__About this task__: Your copy should hold exactly the lines from the beginning of the listing below through the line with "I samarbeid med", without any pictures.

__Supplied information__:
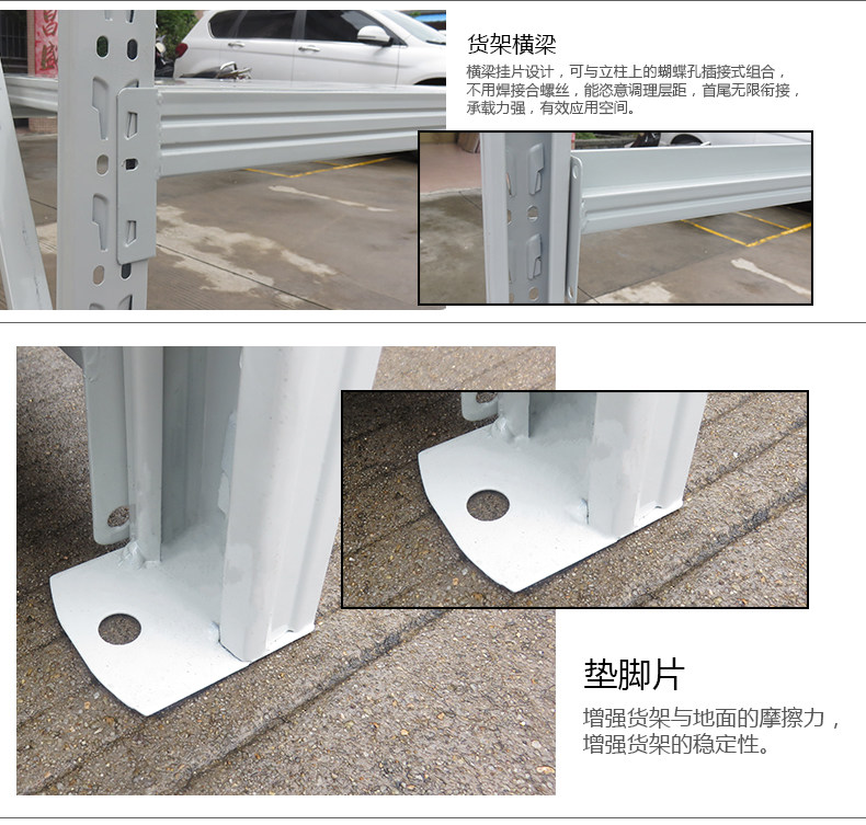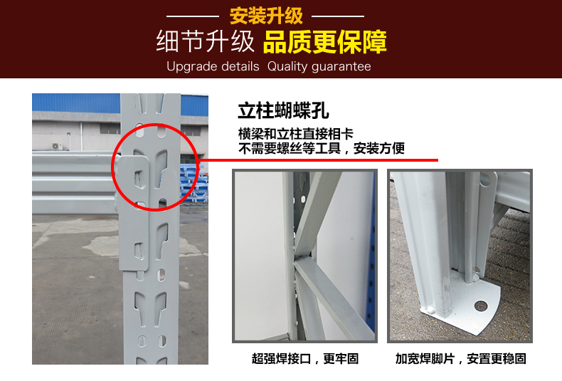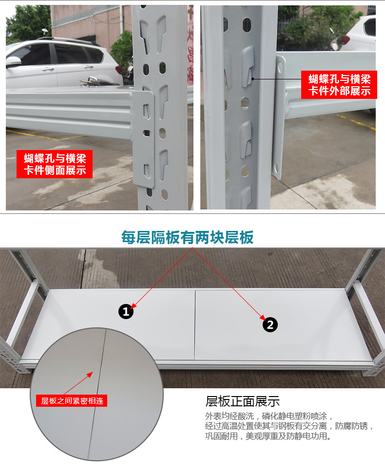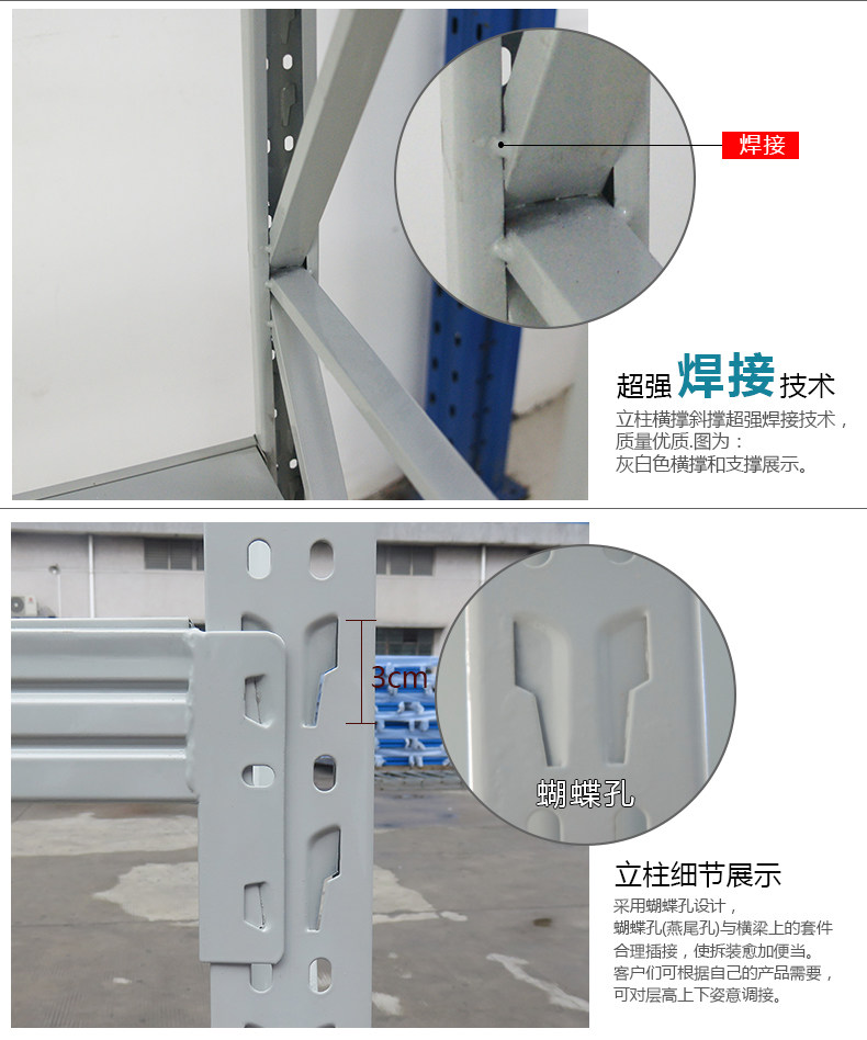 蝴蝶孔貨架是以蝴蝶孔結(jié)構(gòu)鎖緊,具有安裝方便,無需強力,放上貨物所產(chǎn)生壓力自然固定的特點,以55MM節(jié)距調(diào)節(jié)層高,主、輔架無限連接,可增加貨架的牢固度,節(jié)省投入。連桿采用P型管,增加了貨架的牢固性和安全性。
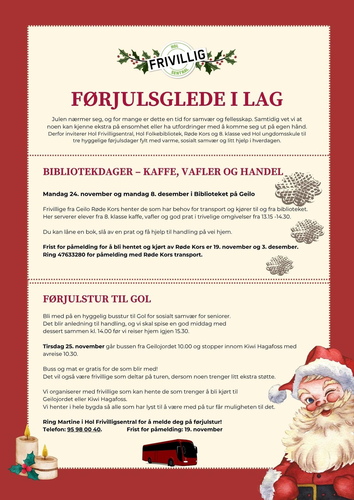 I samarbeid med Røde Kors, 8. trinn og Hol Folkebibliotek inviterer Hol Frivilligsentral til kaffe og vaffel i biblioteket på Geilo mandag 24. november.
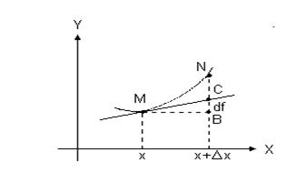 равен изменению ординаты, касательной к функции в точке N. Замена истинного приращения функции NB D f (x) = f (x + D x) - f (x) на дифференциал СВ

__Result__:
 蝴蝶孔貨架是以蝴蝶孔結(jié)構(gòu)鎖緊,具有安裝方便,無需強力,放上貨物所產(chǎn)生壓力自然固定的特點,以55MM節(jié)距調(diào)節(jié)層高,主、輔架無限連接,可增加貨架的牢固度,節(jié)省投入。連桿采用P型管,增加了貨架的牢固性和安全性。
 I samarbeid med Røde Kors, 8. trinn og Hol Folkebibliotek inviterer Hol Frivilligsentral til kaffe og vaffel i biblioteket på Geilo mandag 24. november.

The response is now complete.